Vediamo degli abiti molto pittoreschi: Stivaletti in pelle nera, un pantalone di foggia “turchesca” in uso però anche alle popolazioni balcaniche che certamente subirono nel costume, l’influsso del minaccioso vicino. Sopra il pantalone un giubbetto senza maniche, aperto sul davanti solo nella parte superiore; sotto un camicione con ampie maniche .
Il “bereton” è quello classico degli schiavoni, all’epoca di pelliccia d’orso; Subito dopo, diventò di pelle nera (più economica e facile da reperire). Fuoriesce sulla cima il cappuccio di stoffa rossa, che pende da un lato e che partiva dalla base del berretto. E’ arricchito dallo stemma gentilizio dei Morosini (probabilmente in argento), quindi sappiamo che questo soldato era destinato alla scorta di un componente di questa famiglia che ricopriva qualche importante carica pubblica. Due piume, una grigia e una rossa adornavano il cimiero. Su di una spalla è poggiato il mantello rosso, in uso a tutti gli schiavoni, che non portavano  il cappotto in dotazione alle altre truppe. Un acquerello nelle carte Bubich, nel 1796, riproduce un fante di questo reggimento schiavone, che indossa le due ultime divise: il fucile è privo del cinturino, era superfluo, dato che indossando il mantello era impossibile portare l’arma a tracolla. Ho dedotto che anche per questi oltremarini il mantello fosse di uso comune, come è del resto visibile in tutti i disegni che hanno per tema i soldati delle craine o in genere dei panduri, fossero essi inquadrati sotto Venezia, o sotto l’Austria Ungheria. Fate una rapida ricerca in internet sotto la voce “pandur” e mi darete ragione, non solo, troverete anche la stessa divisa indossata dal carabiniere veneto in questione.
Era quindi un costume nazionale a tutti gli effetti, e ve ne illustro un esempio qua sotto: è una stampa  che riproduce dei panduri al servizio dell’Austria.
 

Noterete anche il mantello rosso, universalmente usato dalle truppe schiavone.

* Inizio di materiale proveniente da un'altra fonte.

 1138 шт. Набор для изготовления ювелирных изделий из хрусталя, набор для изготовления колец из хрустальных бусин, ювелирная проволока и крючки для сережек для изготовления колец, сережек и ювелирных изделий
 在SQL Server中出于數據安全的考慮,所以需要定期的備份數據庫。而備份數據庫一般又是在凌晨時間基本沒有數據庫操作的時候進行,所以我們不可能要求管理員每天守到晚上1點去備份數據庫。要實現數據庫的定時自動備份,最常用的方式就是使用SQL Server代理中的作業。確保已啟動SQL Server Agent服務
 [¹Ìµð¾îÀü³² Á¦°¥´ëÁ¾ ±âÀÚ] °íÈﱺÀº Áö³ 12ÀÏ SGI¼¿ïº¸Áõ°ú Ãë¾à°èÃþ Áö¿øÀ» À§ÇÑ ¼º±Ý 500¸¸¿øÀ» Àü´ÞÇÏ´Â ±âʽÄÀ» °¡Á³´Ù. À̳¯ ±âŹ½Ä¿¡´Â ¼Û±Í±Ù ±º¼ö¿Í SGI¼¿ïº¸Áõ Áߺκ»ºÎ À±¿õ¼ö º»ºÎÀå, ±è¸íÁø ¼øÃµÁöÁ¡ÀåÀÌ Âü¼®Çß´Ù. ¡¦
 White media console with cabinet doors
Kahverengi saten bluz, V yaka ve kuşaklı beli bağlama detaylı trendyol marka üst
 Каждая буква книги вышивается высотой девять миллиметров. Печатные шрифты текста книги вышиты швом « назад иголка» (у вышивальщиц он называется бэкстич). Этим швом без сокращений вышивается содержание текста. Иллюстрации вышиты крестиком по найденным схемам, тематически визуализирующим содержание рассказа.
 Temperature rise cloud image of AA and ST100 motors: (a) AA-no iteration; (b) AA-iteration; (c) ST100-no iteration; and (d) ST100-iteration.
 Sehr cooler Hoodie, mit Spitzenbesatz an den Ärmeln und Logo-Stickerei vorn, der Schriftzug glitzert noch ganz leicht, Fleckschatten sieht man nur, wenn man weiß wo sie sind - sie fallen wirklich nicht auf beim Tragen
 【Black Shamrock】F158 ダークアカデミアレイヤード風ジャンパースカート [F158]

Anche l’armamento del nostro “carabiniero” è quello tipico di questi popoli guerrieri. Il fucile è di foggia balcanica, col calcio molto ricurvo, la spada è una sciabola di forma “turchesca” anche essa, ma oltre a ciò, troviamo in aggiunta, in vita, il tipico pugnale con il manico in osso, molto lungo, affiancato a una pistola, il tutto portato grazie ad un particolare cinturone (che sono riuscito a riprodurre, grazie ad un bel disegno pescato in un libro edito di recente in Croazia), ricoperto dalla fusciacca di seta gialla. Come se non bastasse tanto armamentario, due corte pistolette fuoriescono da un taschino.
Il personaggio era addetto alla scorta, e a volte poteva essere necessario o bastevole, l’uso di un vero e proprio sfollagente, di legno lavorato, che vediamo pendere dalla mano sinistra, per allontanare i male intenzionati .

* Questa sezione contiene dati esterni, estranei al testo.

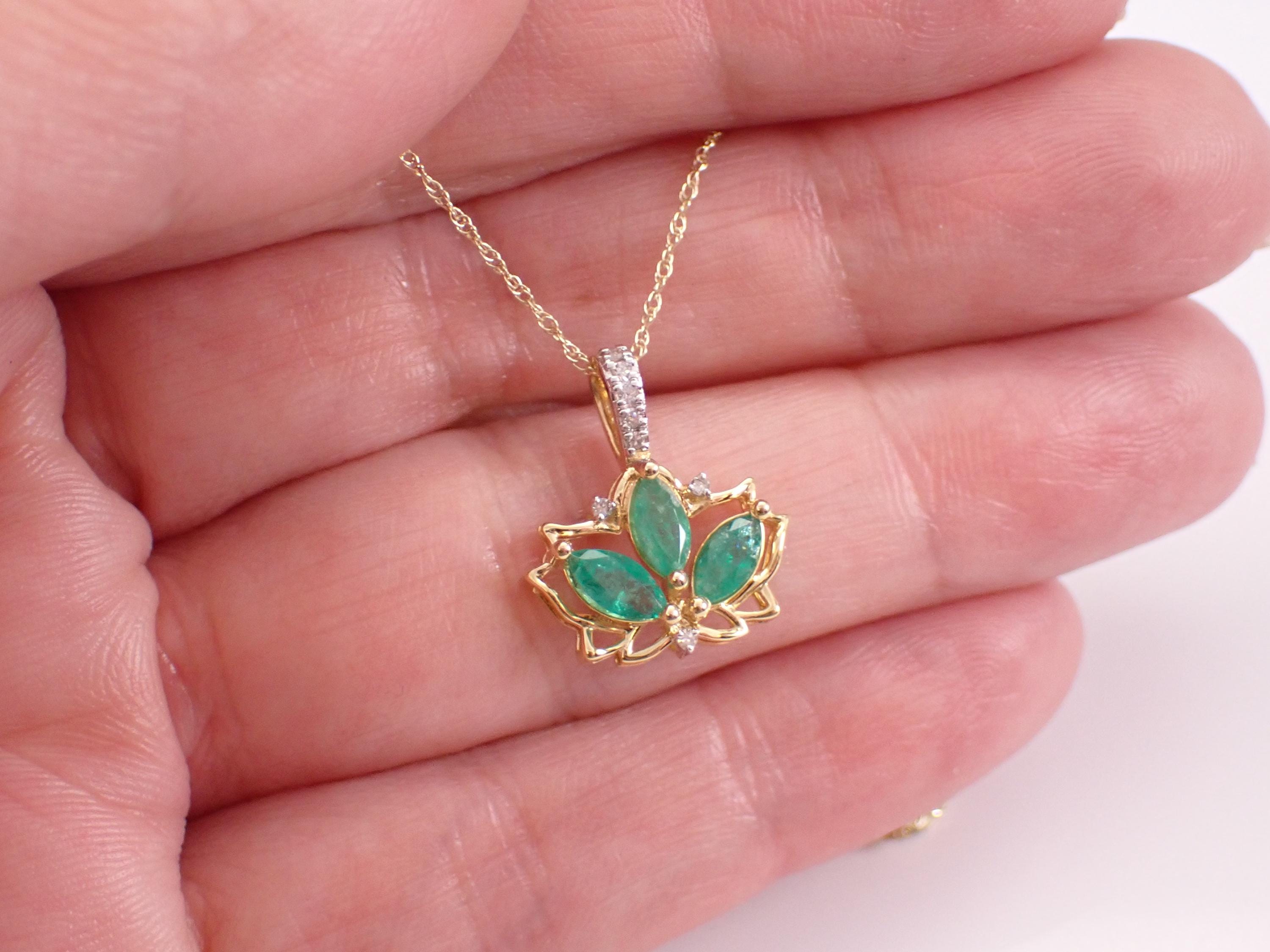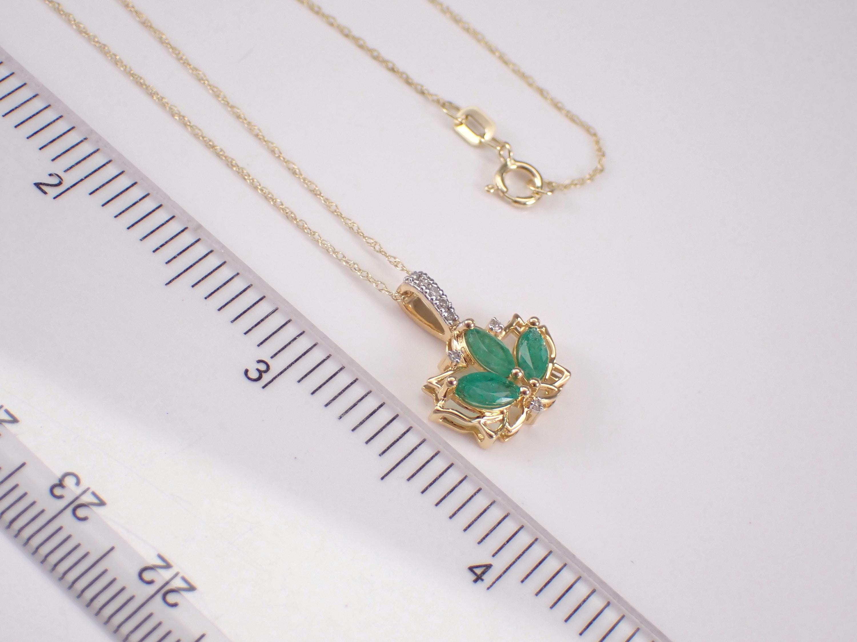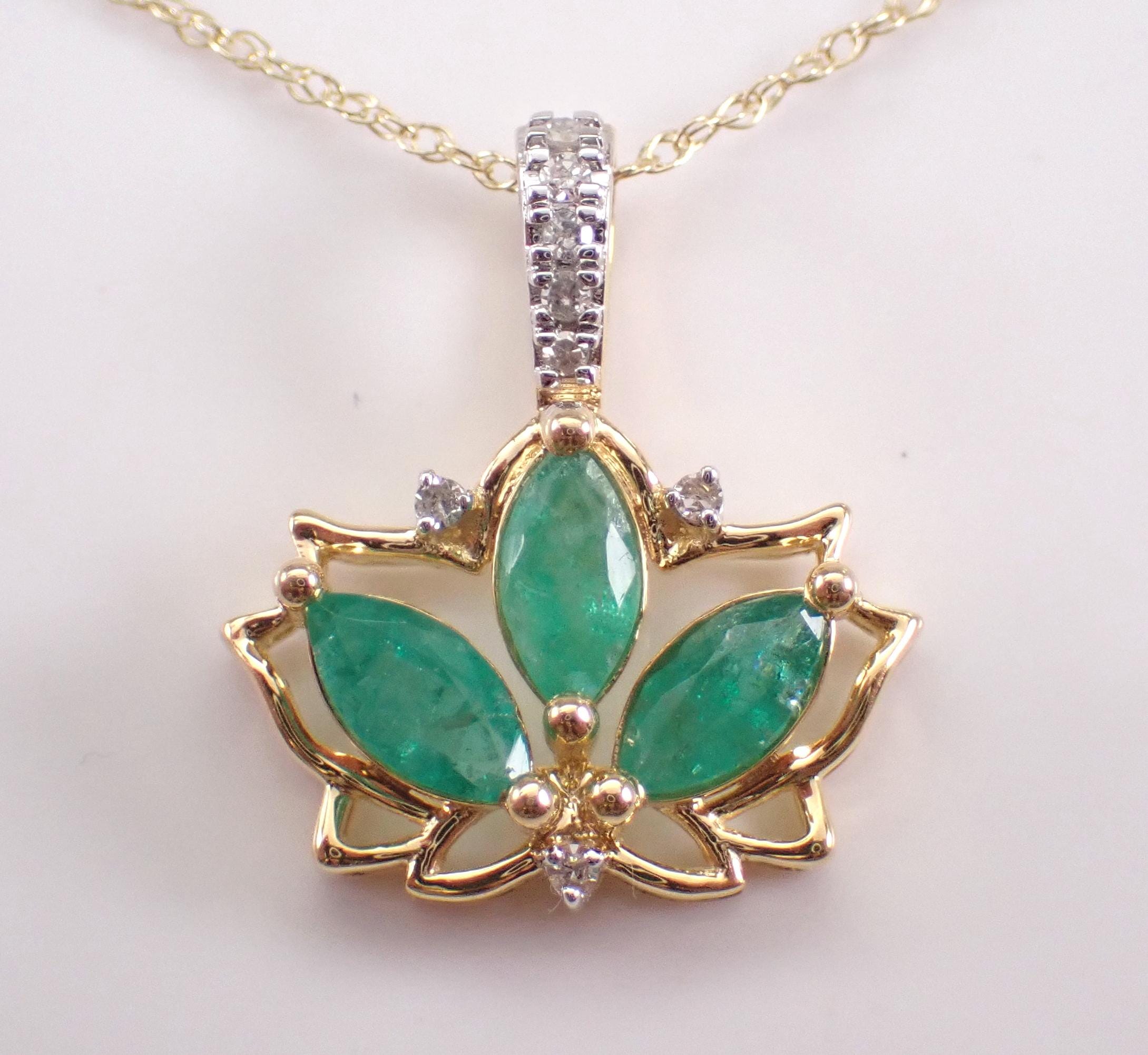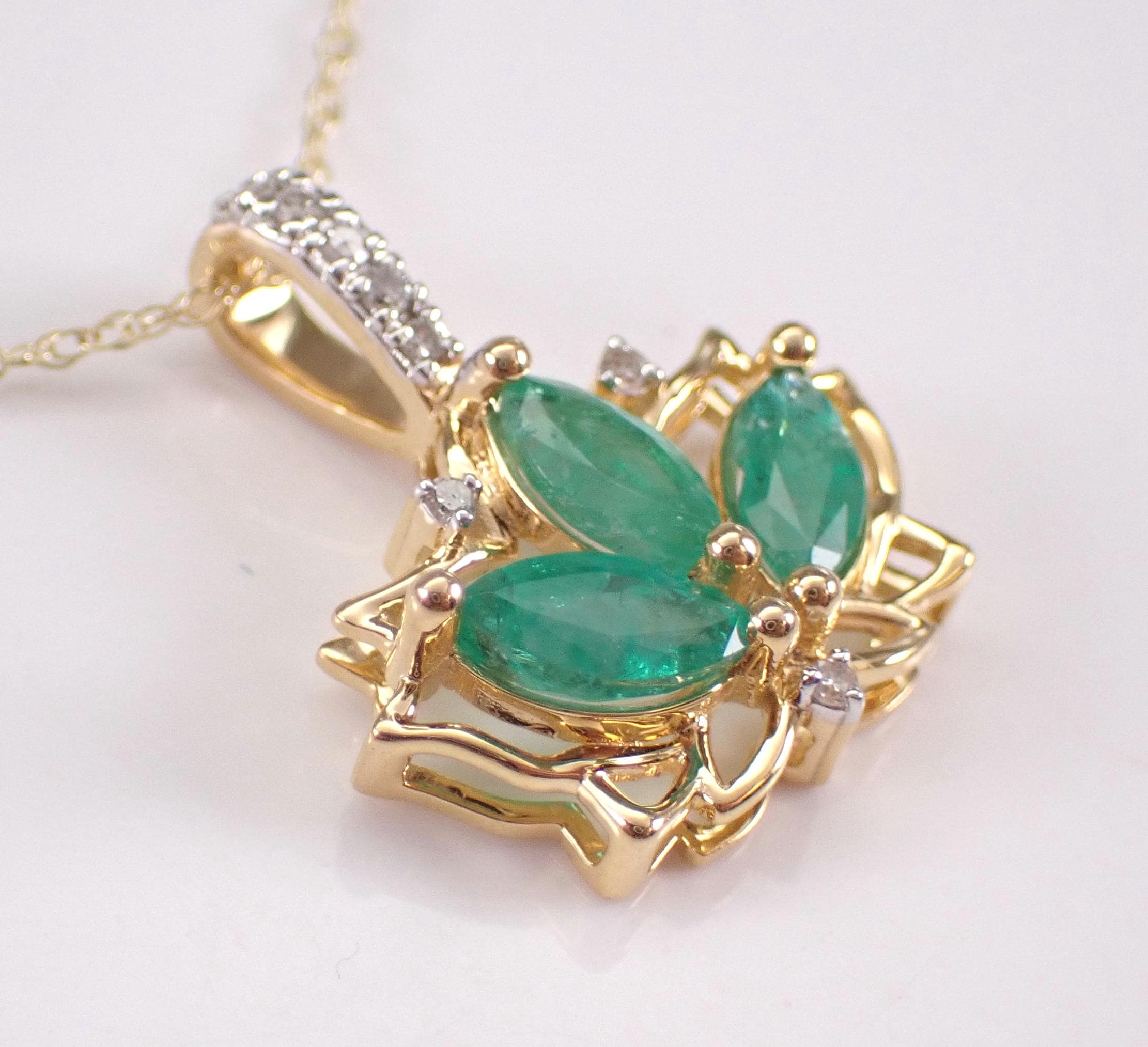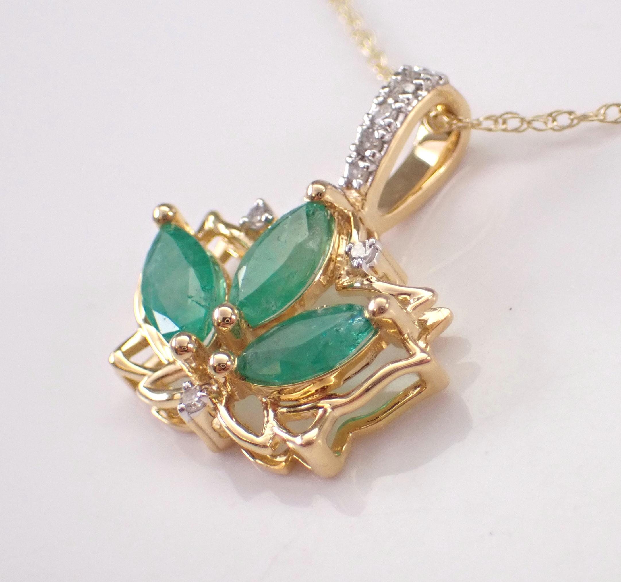 Yellow Gold Diamond and Emerald Pendant with Chain. This pendant is set with three Marquise Emeralds and eight Round Brilliant Diamonds. The Emeralds combine to a total weight of 1/2 carat. The diamonds are H color, I1 clarity and weigh a total of .05 carats. This pendant is 10KT Yellow Gold, comes with an 18" 10K Yellow Gold chain and together with the chain weighs 1.8 grams. This pendant measures 15 X 17 mm. This necklace will be accompanied by an appraisal by a GIA Certified Diamond Grader with the retail replacement value of $1,185.00. I will ship this pendant promptly in a beautiful gift box.

Sulla destra una piccola borsa per gli accessori per la pulizia delle armi e per lo sparo, mentre sul fianco sinistro pende una “sabretache” piatta, di pelle nera, sempre con lo stemma gentilizio, per il trasporto di carte o documenti inerenti ai compiti svolti dallo schiavone. Tale tascone era in dotazione anche agli oltremarini dipinti in un quadro del Carnevarjis del primo 700, anche essi “guardie d’onore” di un importante personaggio, dipinto da me studiato nell’ambito della mostra dedicata al Canaletto a Treviso.

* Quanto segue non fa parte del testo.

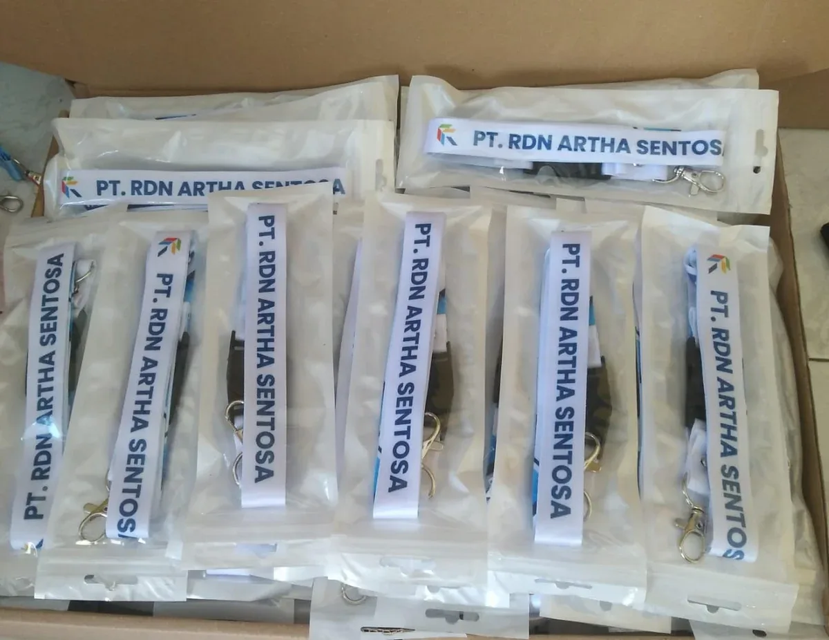 Dalam mendukung operasional perusahaan dan menjaga profesionalisme di lingkungan kerja, Tali Lanyard PT. RDN Artha Sentosa digunakan sebagai identitas resmi karyawan. Lanyard ini dirancang dengan desain yang rapi dan profesional, mencerminkan karakter perusahaan yang berpengalaman dan terpercaya. Menggunakan bahan berkualitas, tali lanyard ini kuat, awet, dan tidak mudah rusak meskipun digunakan setiap hari dalam aktivitas kerja.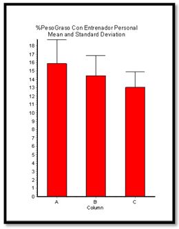 En la comparación del pre, inter y post test del porcentaje de masa grasa, también ambos grupos presentaron diferencias significativas al comparar independientemente un grupo del otro sus pre, inter y post test. Para el grupo con entrenador personal el grado de significancia se estableció con p<0.0001. En tanto para el grupo que trabajó sin este asesoramiento se estableció un p=0.0005. En ambos casos las mayores diferencias se establecieron entre el pre y post test (p<0.001 en ambos casos).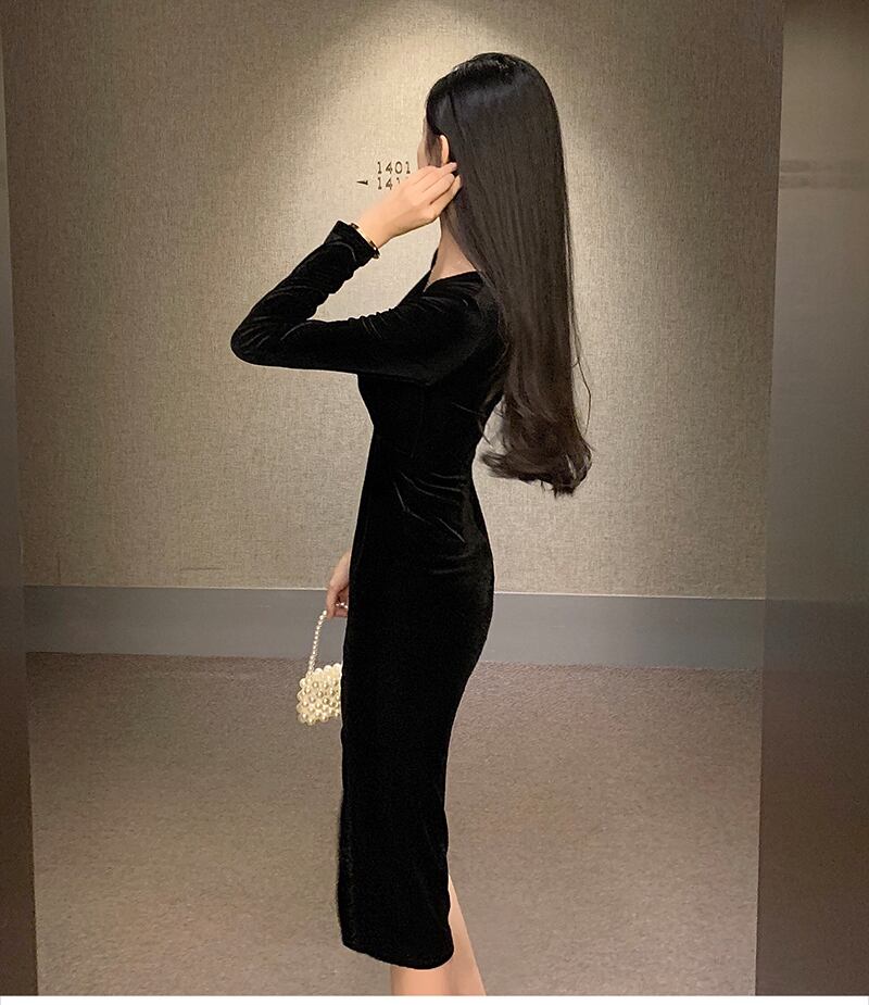 成熟したロイヤルシスタースタイルの女性の秋と冬の有名人の気質Vネックブラックゴールドベルベットスリムミドル丈ドレス micat68139196286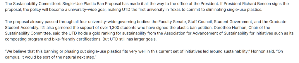 Here’s an article about the initiative to ban single-use plastics on UTD campus which was published in December 2022 in the student-led newspaper The Mercury.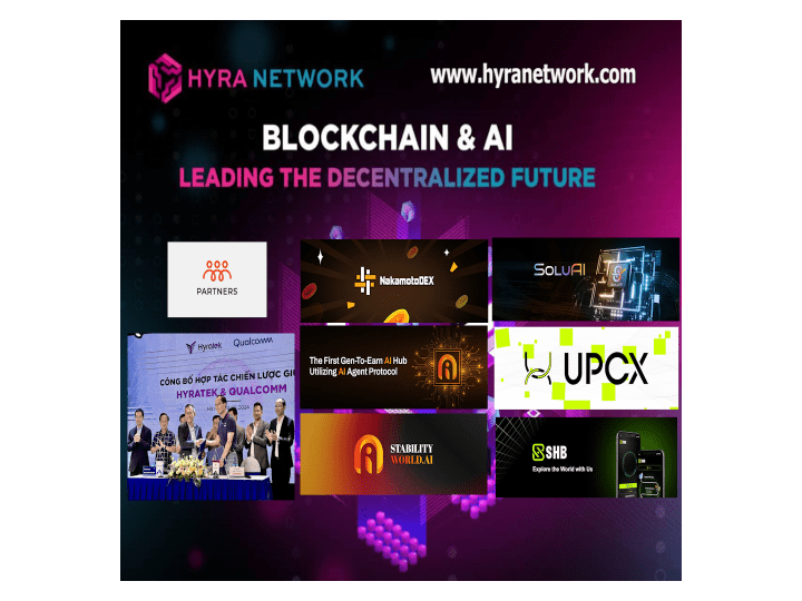 Trong thời gian cuối năm 2024 và đầu năm 2025 Hyra AI đã công bố hợp tác với nhiều đối tác trong nhiều lĩnh vực trên nền tảng blockchain, đặc biệt là AI.

La prima volta che mi imbattei in questo “carabiniero”, fu grazie al volume “Uniformi militari italiane del 700” di Brandani, Crociani e Fiorentino, uscito alla metà degli anni 70. Gli autori ne facevano un esempio del gusto eccentrico per le uniformi fuori ordinanza, e citavano in proposito un decreto del governo veneto che voleva reprimere l’uso di adornare con cordoni e altri ornamenti le uniformi dei carabinieri assegnati alle scorte. In realtà avevano preso l’esempio sbagliato, secondo me, poiché quella riprodotta era la divisa nazionale“d’ordinanza” della truppa schiavona addetta a quel compito, che non aveva in dotazione la più modesta divisa cremisi di cui abbiamo un esempio nelle carte Bubich. A questi soldati scelti, veniva evidentemente concesso il privilegio di indossare il loro costume nazionale.
Che altro aggiungere? Questa uniforme credo sopravvisse quasi intatta, tranne forse nel tipo di pellame usato per il “bereton” , fino all’invasione della nostra Repubblica. Abbiamo una testimonianza di quegli ultimi giorni, in cui si descrivono le truppe schiavone arruolate in tutta fretta, sfilare per il Lido, a cui era stato concesso di mantenere il loro costune. Essi brandendo le armi , gridavano ingiurie contro i francesi, aggiungendo di tanto in tanto: “Li mazaremo, li coparemo tutti!”. Peccato che questa possibilità non gli sia stata concessa, “dall’Illustrissimo Prencipe” a cui erano tanto devoti.

Marinarezza di Cattaro con pantaloni a sbuffo, ripresa a Venezia. A fianco si intravvede un “carabiniero” nato per l’impegno del prof. Paolo Borsetto.

L’autore della nota col tipico cinturone  balcanico in vita, in pelle naturale. La divisa è una delle due ultime indossate dalla truppa schiavona, illustrata nelle carte Bubich dell’archivio di Venezia. Gli alamari del Bubich erano gialli.